### EXERCISE DATA:
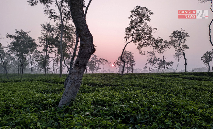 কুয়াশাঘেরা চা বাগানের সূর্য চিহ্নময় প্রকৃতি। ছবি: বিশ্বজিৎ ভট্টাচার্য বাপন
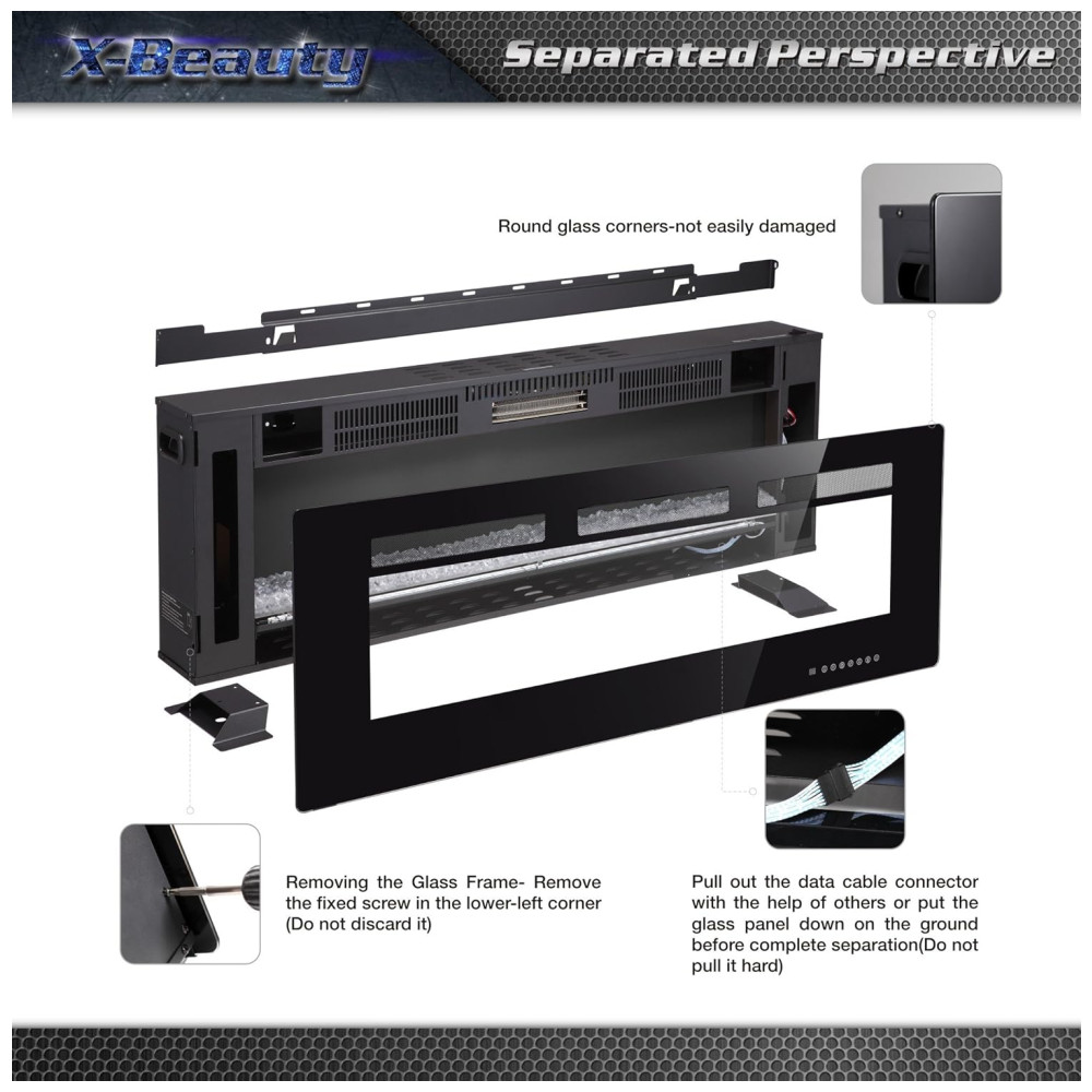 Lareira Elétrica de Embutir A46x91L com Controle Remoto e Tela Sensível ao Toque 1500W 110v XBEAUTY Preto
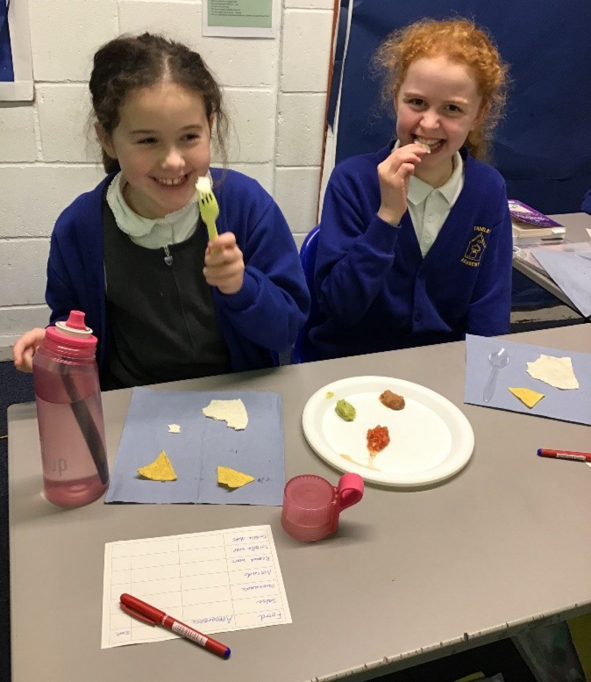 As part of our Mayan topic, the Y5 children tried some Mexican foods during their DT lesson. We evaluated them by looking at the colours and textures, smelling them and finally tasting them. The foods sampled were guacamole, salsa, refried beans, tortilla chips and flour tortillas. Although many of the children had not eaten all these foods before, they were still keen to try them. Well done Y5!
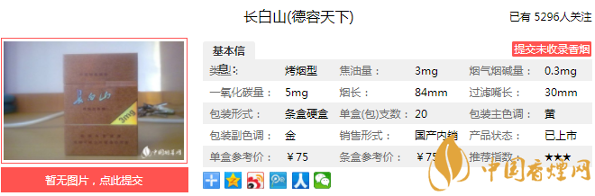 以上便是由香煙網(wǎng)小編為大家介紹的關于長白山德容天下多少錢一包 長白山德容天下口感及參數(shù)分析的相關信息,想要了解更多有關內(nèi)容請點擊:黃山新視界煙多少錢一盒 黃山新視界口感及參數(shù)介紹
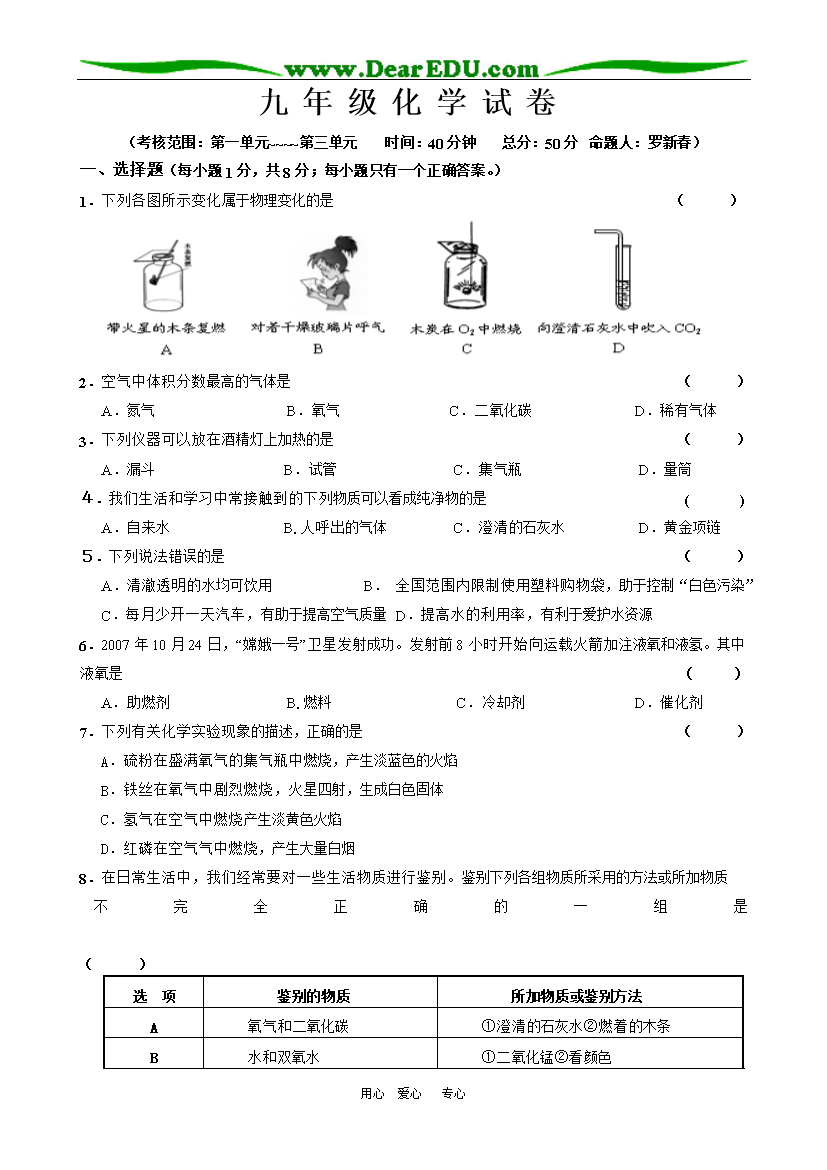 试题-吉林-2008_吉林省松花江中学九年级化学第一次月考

### TASK STATEMENT:
Nothing but the lines from the first line of the records above to the line with "Lareira Elétrica de", inclusive, should be transcribed exactly, and the pictures must be left out.

### RESULT OF THIS EXERCISE:
 কুয়াশাঘেরা চা বাগানের সূর্য চিহ্নময় প্রকৃতি। ছবি: বিশ্বজিৎ ভট্টাচার্য বাপন
 Lareira Elétrica de Embutir A46x91L com Controle Remoto e Tela Sensível ao Toque 1500W 110v XBEAUTY Preto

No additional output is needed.